Desde siempre, cuando hacía algo o me comportaba como se esperaba de mí delante de los vecinos o los amigos de mi madre, comentaban que era un buen chico y al escuchar esas palabras, como si me hubieran recompensado con el mayor de los tesoros, una sonrisa incontrolable y llena de orgullo se dibujaba en mi cara. Aquella era una sensación de satisfacción que había tratado de aprender a controlar y ocultar, pero que siempre me superaba. Acabé aceptando esa pequeña debilidad de carácter que todos necesitamos experimentar alguna vez.

Lo extraño es que cuando Sofía me llamó buen chico la sonrisa no se formó. No sentí ninguna emoción más allá de la incomprensión por la ausencia de ese tic.

Tras entrar y cerrar la puerta, dejé la mochila sobre el sofá y fui hasta la cocina. Saqué la lasaña y la dejé en un plato.
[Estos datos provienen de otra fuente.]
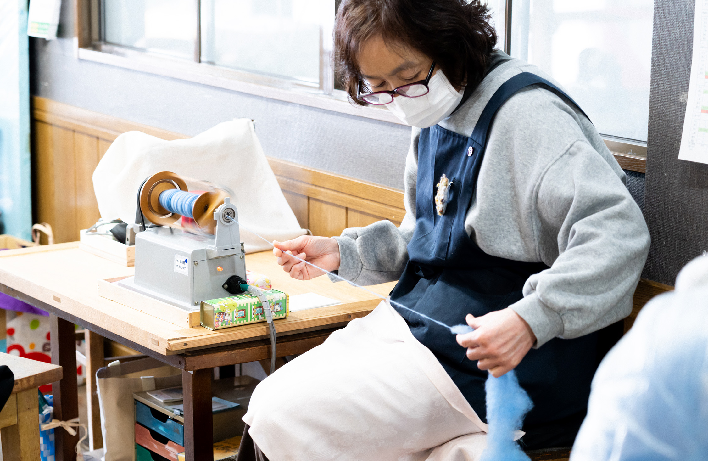 カーディングした羊毛から繊維を引っ張り出し、機械で回転をかけてねじり合わせながら1本の糸にしていく。これを「撚り(より)をかける」という。

Mientras se calentaba en el microondas fui a por la bebida y los cubiertos al tiempo que pensaba en las razones para no sentir nada al escuchar aquellas palabras que siempre tuvieron su efecto.

Lo único que se me ocurrió es que la ausencia de emoción era a causa de los recuerdos de mi padre o… que en el fondo supiera que ya no era un buen chico.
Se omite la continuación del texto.